(Exercise objective):
Exactly the lines below starting at the line with "Ami lo sport" and ending at the line with "接下来选手郑昕再次上场,担任" are wanted, with both ends included. Leave out the pictures and add no other lines.

(Provided data):
══════
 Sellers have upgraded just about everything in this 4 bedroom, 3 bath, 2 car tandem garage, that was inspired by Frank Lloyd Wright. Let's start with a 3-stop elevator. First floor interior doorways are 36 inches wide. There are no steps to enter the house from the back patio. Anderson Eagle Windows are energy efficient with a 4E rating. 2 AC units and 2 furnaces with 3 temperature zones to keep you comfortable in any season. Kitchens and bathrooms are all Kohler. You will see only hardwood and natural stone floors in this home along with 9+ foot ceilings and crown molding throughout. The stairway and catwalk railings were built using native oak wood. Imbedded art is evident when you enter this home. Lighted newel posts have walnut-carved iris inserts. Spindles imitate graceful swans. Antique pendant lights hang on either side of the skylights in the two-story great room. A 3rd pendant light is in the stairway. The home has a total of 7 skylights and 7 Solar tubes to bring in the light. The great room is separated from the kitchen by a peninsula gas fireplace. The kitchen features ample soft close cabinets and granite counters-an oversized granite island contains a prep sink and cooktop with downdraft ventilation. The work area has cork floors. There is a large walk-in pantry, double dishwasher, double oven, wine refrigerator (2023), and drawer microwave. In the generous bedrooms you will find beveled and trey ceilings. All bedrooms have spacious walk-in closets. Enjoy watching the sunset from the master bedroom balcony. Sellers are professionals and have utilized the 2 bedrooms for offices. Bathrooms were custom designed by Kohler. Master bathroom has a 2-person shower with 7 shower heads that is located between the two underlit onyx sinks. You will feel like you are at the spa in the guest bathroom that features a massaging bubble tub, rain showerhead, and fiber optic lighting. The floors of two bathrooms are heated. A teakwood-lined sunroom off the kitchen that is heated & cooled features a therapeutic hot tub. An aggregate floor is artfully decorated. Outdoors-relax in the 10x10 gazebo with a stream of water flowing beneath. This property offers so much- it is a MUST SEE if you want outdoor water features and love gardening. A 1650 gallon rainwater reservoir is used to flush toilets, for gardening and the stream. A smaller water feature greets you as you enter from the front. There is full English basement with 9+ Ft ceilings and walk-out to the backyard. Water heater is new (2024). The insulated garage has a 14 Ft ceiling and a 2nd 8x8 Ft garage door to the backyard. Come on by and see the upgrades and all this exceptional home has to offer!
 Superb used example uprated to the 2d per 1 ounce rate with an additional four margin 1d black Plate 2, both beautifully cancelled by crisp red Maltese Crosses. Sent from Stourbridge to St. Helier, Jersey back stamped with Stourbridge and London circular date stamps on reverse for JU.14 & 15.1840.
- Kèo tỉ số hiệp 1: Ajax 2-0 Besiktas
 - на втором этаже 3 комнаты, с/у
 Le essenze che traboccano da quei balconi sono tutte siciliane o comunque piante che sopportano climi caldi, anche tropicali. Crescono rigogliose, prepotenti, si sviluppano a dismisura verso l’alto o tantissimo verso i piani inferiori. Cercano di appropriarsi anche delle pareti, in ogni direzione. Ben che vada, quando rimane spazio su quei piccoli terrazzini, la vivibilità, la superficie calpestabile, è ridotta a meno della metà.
══════
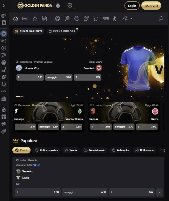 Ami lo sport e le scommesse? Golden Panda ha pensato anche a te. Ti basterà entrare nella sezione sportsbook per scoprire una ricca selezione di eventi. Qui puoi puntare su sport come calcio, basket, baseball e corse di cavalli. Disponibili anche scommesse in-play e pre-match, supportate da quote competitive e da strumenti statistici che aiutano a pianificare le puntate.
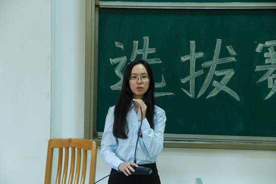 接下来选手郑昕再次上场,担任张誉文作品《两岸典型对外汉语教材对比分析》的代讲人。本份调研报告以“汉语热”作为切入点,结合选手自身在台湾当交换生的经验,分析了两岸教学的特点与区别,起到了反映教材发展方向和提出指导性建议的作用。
══════
(Response below):
 Ami lo sport e le scommesse? Golden Panda ha pensato anche a te. Ti basterà entrare nella sezione sportsbook per scoprire una ricca selezione di eventi. Qui puoi puntare su sport come calcio, basket, baseball e corse di cavalli. Disponibili anche scommesse in-play e pre-match, supportate da quote competitive e da strumenti statistici che aiutano a pianificare le puntate.
 接下来选手郑昕再次上场,担任张誉文作品《两岸典型对外汉语教材对比分析》的代讲人。本份调研报告以“汉语热”作为切入点,结合选手自身在台湾当交换生的经验,分析了两岸教学的特点与区别,起到了反映教材发展方向和提出指导性建议的作用。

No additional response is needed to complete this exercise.